Researchers discovered that the progressive companies found a sweet spot and made some reductions in spending but continued their marketing. As a result, they had a 32% higher chance of outperforming their competition by 10% or more following a recession. Progressive companies also surpassed pragmatic companies by 4% in sales and more than 3% in earnings and did twice as well as the entire group.
You’ll have to take some time to analyze your business to find areas of change, but here are some to get you started:
- Remove unnecessary expenses
- Renegotiate repayment terms or prices with vendors
- Consider going remote to save on office expenses
- Examine your product or service to see if you can offer a lower-priced entry point
- Save energy by reducing usage or changing work environments
- Reduce business travel
- Automate certain operations to save staff time on specific tasks
I mentioned that during the pandemic, I refused to stop marketing because I had learned my lesson years before. But the other hill I was ready to die on was not doing any layoffs, which is a common first move many companies make to save money.
I’m not saying “don’t ever do any layoffs,” because only you can determine what makes sense for your business. What I am saying is that you can look into other avenues to save money first before you eliminate team members already trained and experienced in your industry.
Since I didn’t lay off any staff in 2020, we didn’t have to re-hire and train new talent once businesses re-opened. PostcardMania was ready to rock ‘n roll and bring in leads while other companies were busy trying to get staff back up to speed. Avoid that setback by trying your hardest to keep your employees first.

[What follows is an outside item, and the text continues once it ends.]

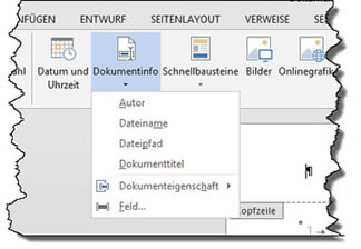 Kopf- und FußzeileSchneller fügen Sie jetzt den Dateinamen oder -pfad ein. Im Register "Kopf- und Fußzeilentools / Entwurf" finden Sie das Symbol "Dokumentinfo" mit den wichtigsten Feldern und einem direkten Zugriff auf die Dokumenteigenschaften und alle weiteren Felder.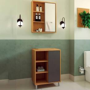 O Conjunto CJ7250 da Milani Store é a solução para transformar seu banheiro com estilo e funcionalidade. A Espelheira conta com uma porta de correr, espelho integrado e 6 nichos, oferecendo organização e elegância ao ambiente. Já o Gabinete também possui uma porta de correr, oferece espaço interno e design moderno, garantindo praticidade. Este conjunto é ideal para otimizar e valorizar o seu ambiente. Este móvel chegará na sua casa separado em 02 volumes.

3. Assess your messaging and adjust if needed
My final recommendation on how to market effectively when the market is down is to take more time crafting the right messaging to your audience. During a crisis, many families are forced to go into survival mode because the cost of basic necessities like eggs and milk has gone up, and they have to cut back in other areas to compensate. The worst thing you can do is say something alienating to them, so keep your messaging relevant to their needs.

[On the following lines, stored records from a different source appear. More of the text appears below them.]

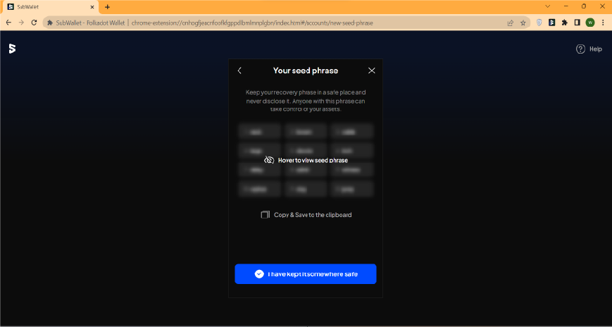 Now you will be shown a seed phrase together with the option to back it up. Once you have saved and stored it in a safe place, choose I have kept it somewhere safe.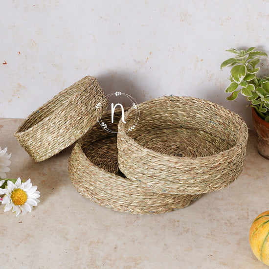Kitchen organization baskets are a set of 3 natural Sabai grass handwoven baskets that can be used as fruit baskets on the dining table or in the kitchen. The versatile baskets can be used for storing vegetables, or as a tray on the side or coffee table to place books and decor pieces. It can also be used as a snack tray for keeping jars of snacks, pickles and munchies.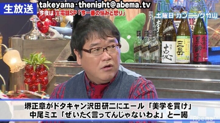 カンニング竹山、沢田研二ドタキャン騒動に「俺も帰ると思う」 2019/03/15 09:37 拡大する 20日深夜、『カンニング竹山の土曜The NIGHT』(AbemaTV)が放送された。 「酔っ払い竹山のぶった斬りワイドショー」のコーナーで竹山は、沢田研二が17日に予定していたライブをキャンセルしたことに対して、歌手で女優の中尾ミエが「ぜいたく言ってんじゃないわよ」と一喝した話題に触れる。 竹山は、沢田を批判する世間の声に一定の理解は示しながらも、ライブを行うにあたっては“イベンター”の存在があり、今回のさいたまスーパーアリーナでのライブは、イベンターからの提案だったのではと推察する。 続きを読む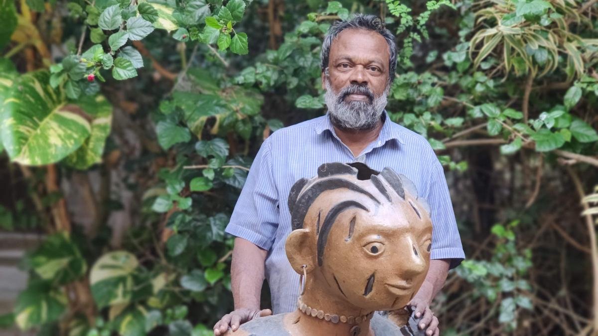 जी रेघु अपनी एक मूर्ति के साथ | फोटो साभार: विशेष व्यवस्था जी रेघू द्वारा तैयार की…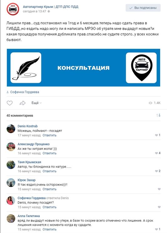 Мнения участников группы разделились. Кто-то к проблеме Софачки подошел серьезно и напомнил, что новые права вряд ли выдадут, так как сам факт утери водительского удостоверения пробивают по базам. Пользователь Роман посоветовал ездить вообще без прав и познать искусство маскировки: «Гоняй без прав. Точнее, если они есть физически, то бери. Пробивают-то на постах и то редко. Не нарушай просто. И для отвода глаз в базе тачку переоформи. Тогда не будут искать тебя в потоке».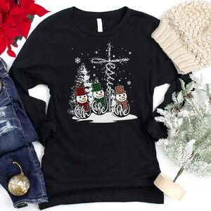 Love in Faith “Faith Hope Love” Snowmen Long Sleeve, size M, in black

For example, LG Electronics’ slogan is “Life’s Good,” but they didn’t use it in their marketing during the 2008 recession because they did not want to seem out of touch with members of their audience who could be struggling.
Most people spend less during an economic downturn, but they will spend whether it’s out of necessity or desire to escape from the stressful conditions. It may mean your customers will act choosier in their purchases and will also need the right motivation to make a move.

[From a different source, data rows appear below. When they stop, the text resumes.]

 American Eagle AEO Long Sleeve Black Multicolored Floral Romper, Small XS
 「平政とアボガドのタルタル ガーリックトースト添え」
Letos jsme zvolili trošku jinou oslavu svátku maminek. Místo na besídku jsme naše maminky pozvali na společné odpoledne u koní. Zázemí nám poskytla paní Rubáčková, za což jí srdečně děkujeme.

For example, a gym membership may seem like a luxury when times are tough, but reframing your message to say that exercise helps families cope with stress and maintain health and happiness will sit with them more comfortably.
With that in mind, not everyone is broke when the economy is crashing. There will still be people who can afford your products or services, so don’t forget about their needs either. The key is to know your audience well and speak to them as if you were walking in their shoes. The more relatable you can be in your marketing, the more they will trust you and remain faithful customers, whether their wallets are skinny or fat.
Applying these three principles has sustained my business through the most difficult setbacks over two decades. With that said, the best way to learn is to do — and over the years, I’ve tried many different approaches to business and received different results. Don’t be afraid to try different strategies during an economic crisis. The experience you gain is priceless.